→ **What to produce**: The records that follow are to be repeated exactly, with no pictures carried over.

→ **Items listed in a dataset**:
########
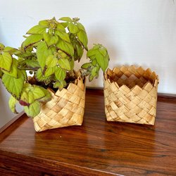 Två korgar. Rustik Eva Lindow Mora blå handmålad korg och en vit rund korg.
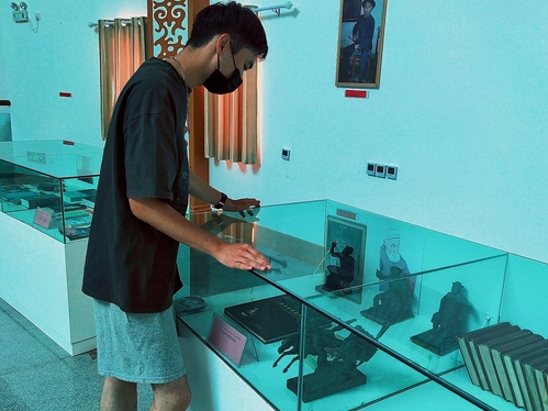 实践队员在观察《玛纳斯》陈列品 达尼亚尔摄
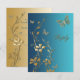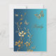 Este cartão de resposta de luxo com flores e borboletas em azul turquesa e dourado combina com o convite de casamento mostrado abaixo. Fica especialmente lindo no papel metálico champanhe como mostrado aqui. O texto e a escolha do papel são personalizáveis. Se você precisar de itens correspondentes neste design, envie um e-mail para niteowlstudio@gmail.com.
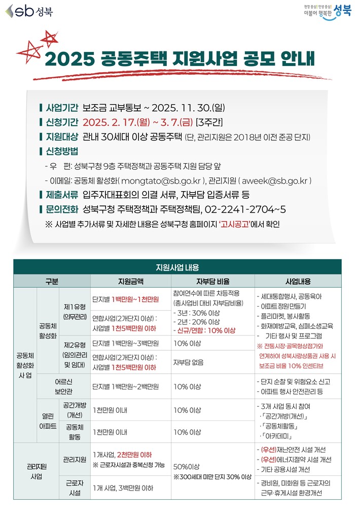 [시민일보 = 문민호 기자] 성북구(구청장 이승로)는 ‘2025년 공동주택 지원사업’을 공모한다고 12일 밝혔다.
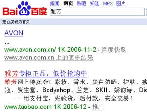 例如在百度检索“雅芳”,雅芳官方网站的百度快照排在竞价排名的网站前面。检索结果如图:
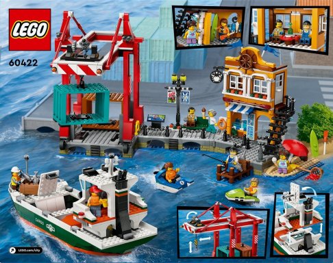 - Inhoud doos: vrachtschip, 2 vrachtcontainers, werkende containerkraan, haven met winkel en restaurant, waterscooter, bootje en 8 minifiguren
########
→ **Written solution**:
 Två korgar. Rustik Eva Lindow Mora blå handmålad korg och en vit rund korg.
 实践队员在观察《玛纳斯》陈列品 达尼亚尔摄
 Este cartão de resposta de luxo com flores e borboletas em azul turquesa e dourado combina com o convite de casamento mostrado abaixo. Fica especialmente lindo no papel metálico champanhe como mostrado aqui. O texto e a escolha do papel são personalizáveis. Se você precisar de itens correspondentes neste design, envie um e-mail para niteowlstudio@gmail.com.
 [시민일보 = 문민호 기자] 성북구(구청장 이승로)는 ‘2025년 공동주택 지원사업’을 공모한다고 12일 밝혔다.
 例如在百度检索“雅芳”,雅芳官方网站的百度快照排在竞价排名的网站前面。检索结果如图:
 - Inhoud doos: vrachtschip, 2 vrachtcontainers, werkende containerkraan, haven met winkel en restaurant, waterscooter, bootje en 8 minifiguren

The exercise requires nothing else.